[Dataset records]
---------------

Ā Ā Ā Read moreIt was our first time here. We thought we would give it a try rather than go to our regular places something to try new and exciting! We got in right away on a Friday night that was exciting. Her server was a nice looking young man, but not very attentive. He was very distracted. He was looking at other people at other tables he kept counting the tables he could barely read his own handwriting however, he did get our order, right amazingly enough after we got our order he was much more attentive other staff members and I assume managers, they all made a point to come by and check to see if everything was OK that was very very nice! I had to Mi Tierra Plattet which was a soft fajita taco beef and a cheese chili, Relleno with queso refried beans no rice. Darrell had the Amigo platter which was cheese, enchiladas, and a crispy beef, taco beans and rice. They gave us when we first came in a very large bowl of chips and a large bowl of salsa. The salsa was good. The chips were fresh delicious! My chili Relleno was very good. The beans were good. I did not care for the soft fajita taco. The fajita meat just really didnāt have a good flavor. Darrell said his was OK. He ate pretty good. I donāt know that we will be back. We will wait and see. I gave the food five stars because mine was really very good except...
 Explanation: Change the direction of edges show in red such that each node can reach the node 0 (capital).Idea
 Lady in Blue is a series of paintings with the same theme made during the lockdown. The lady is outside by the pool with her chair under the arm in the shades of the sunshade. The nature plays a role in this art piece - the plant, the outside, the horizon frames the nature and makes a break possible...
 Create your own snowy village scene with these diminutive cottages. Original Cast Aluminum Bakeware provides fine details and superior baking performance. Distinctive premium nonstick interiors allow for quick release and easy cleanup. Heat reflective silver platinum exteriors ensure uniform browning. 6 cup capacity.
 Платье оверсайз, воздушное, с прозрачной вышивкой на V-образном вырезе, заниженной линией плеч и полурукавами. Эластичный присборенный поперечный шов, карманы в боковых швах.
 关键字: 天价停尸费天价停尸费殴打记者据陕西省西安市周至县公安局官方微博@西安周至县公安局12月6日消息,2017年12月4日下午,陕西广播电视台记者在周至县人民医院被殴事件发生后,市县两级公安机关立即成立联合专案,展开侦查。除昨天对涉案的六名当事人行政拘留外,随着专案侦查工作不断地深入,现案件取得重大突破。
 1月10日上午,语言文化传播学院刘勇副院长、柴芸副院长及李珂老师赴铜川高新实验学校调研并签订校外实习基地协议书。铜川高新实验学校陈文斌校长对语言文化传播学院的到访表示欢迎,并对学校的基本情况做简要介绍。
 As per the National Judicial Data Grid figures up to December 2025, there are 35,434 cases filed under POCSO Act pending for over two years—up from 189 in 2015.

---------------

Bring together all lines of the entries above in which the string "under" occurs.

#### [WRITTEN ANSWER]
 Lady in Blue is a series of paintings with the same theme made during the lockdown. The lady is outside by the pool with her chair under the arm in the shades of the sunshade. The nature plays a role in this art piece - the plant, the outside, the horizon frames the nature and makes a break possible...
 As per the National Judicial Data Grid figures up to December 2025, there are 35,434 cases filed under POCSO Act pending for over two years—up from 189 in 2015.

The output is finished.